Enrile pointed out after quoting Section 1 Article XI of the 1987 Constitution, on the Accountability of Public Officers, that the provision is clear and leaves no room for doubt that all public officers and employees must be at all times accountable to the people.
They must serve with utmost responsibility, integrity, loyalty and efficiency.
Enrile said that public officers must also act with patriotism and justice and must lead modest lives. Otherwise, they will be liable for removal from their offices for “betraying public trust.”
Enrile also quoted Section 10 of Article XI that if a public officer betrayed the public trust, he is liable to be removed from his position through impeachment.
The most damning of all in the impeachment of Sereno is Section 17 of Article XI of the Constitution, which requires public officials to, upon assumption of office and so often thereafter as may be required by law, submit a declaration under oath of his assets, liabilities and net worth. This declaration shall be disclosed to the public in a manner prescribed by law.
Thus, if Sereno upon assumption of office as professor at the UP College of Law did not submit all SALN as required by law, she did not only betray public trust. She also violated the Constitution. There are no ifs or buts about it.
Enrile said Section 1 and Section 17 of Article XI are mandatory and preemptory commands to be fulfilled by all persons concerned. No public officer or employee of the government, no matter how high his rank, no matter how vast his power, can cavalierly ignore these commands, much less disdainfully defy them.
With Enrile heading the prosecution panel against Sereno, she should be worried sick. Enrile, who was Senate President at the time of the impeachment trial of the late Chief Justice Renato Corona, knows very well the mechanics and the procedures of impeachment.
I wonder why Sereno is stonewalling and saying she will fight her impeachment.
The only reason I see is that she knows impeachment is a purely political exercise, and that there will be senators who will vote for the dismissal of the case.
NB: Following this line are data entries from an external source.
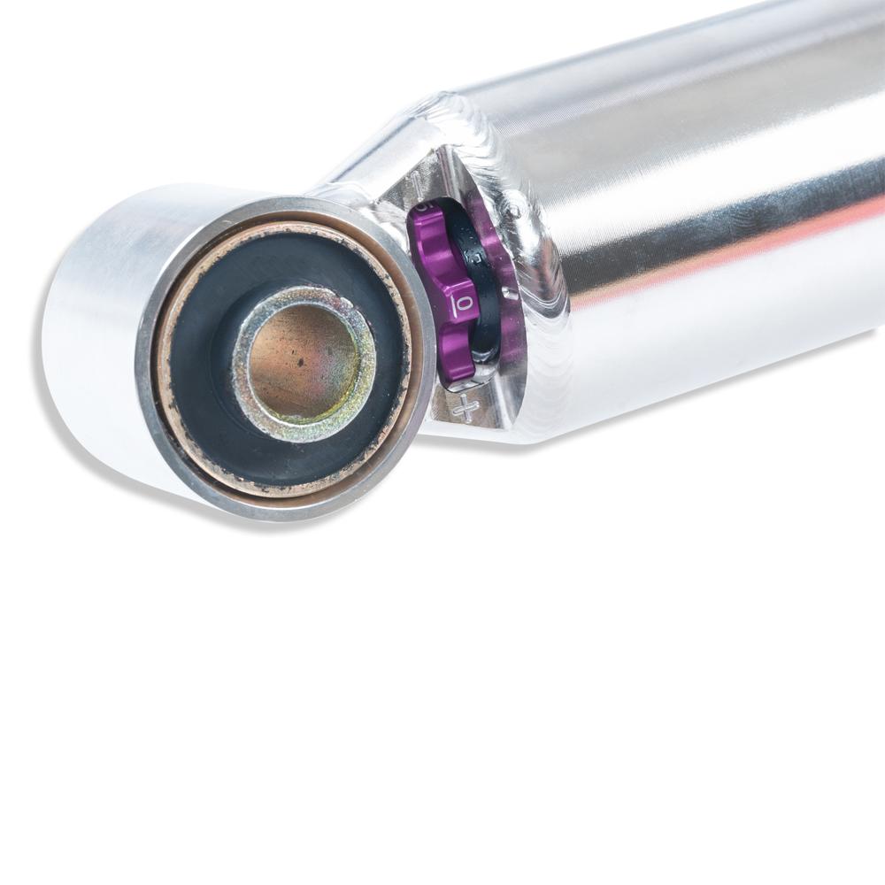 You don’t need any adjusting tools because of the patented compression adjuster at the lower end of the stainless steel housing. The adjustable compression damping with its twelve exact clicks allows you to manually influence body roll, without having to change the spring rate which optimally matches the rebound.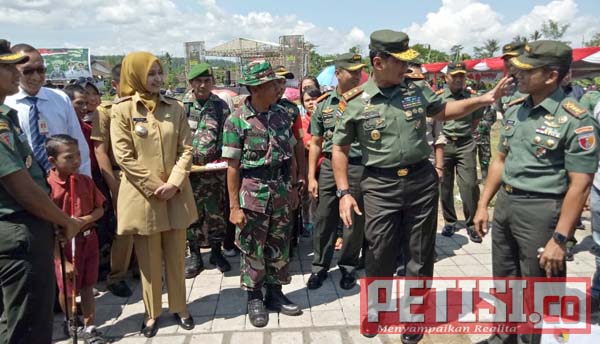JEMBER, PETISI.CO – Usai memimpin berlangsungnya upacara penutupan program Tentara Manunggal Membangun Desa (TMMD) ke-104 di lapangan Desa Gayasan, Rabu 27 Maret 2019 pagi, Mayjen TNI Tri Yunarto mengajak masyarakat untuk ikut melakukan penanaman pohon di sepanjang ruas jalan di desa tersebut.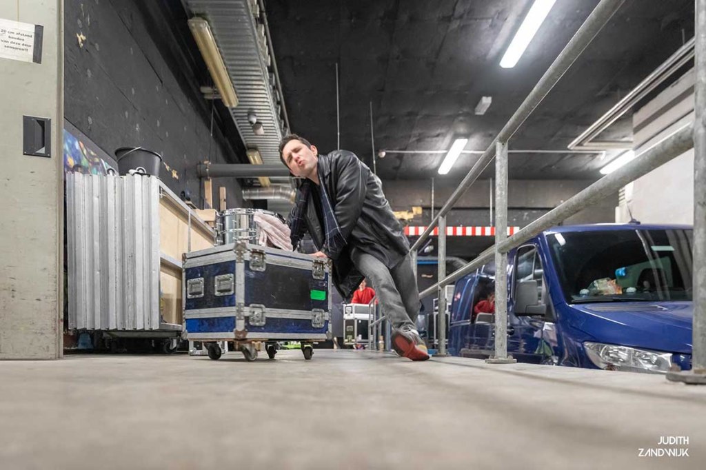 Het zevenkoppig collectief verdeelt de taken en al snel worden alle spullen uitgeladen en de instrumenten naar het podium gebracht.

Sereno must be relying on Liberal Party Senators like Kiko Pangilinan, Frank Drilon, Bam Aquino and Riza Hontiveros, together with Antonio Trillanes and Leila de Lima who may just be allowed to participate in the process.
Still, their votes would not be enough. Perhaps Sereno is hoping that there will be more to align themselves with her.
Another consideration is the quo warranto case filed her before the Supreme Court. This concerns her fitness as chief justice. She was found unfit and unqualified even as the Judicial and Bar Council kept her in its shortlist, from which President Benigno Aquino III picked her.
If the Court were to find her unfit and unqualified to be primus inter pares, that would certainly preempt the Senate trial. The questions is who will come first—the impeachment trial at the Senate or the Supreme Court decision on the quo warranto petition?
It looks like doomsday is coming.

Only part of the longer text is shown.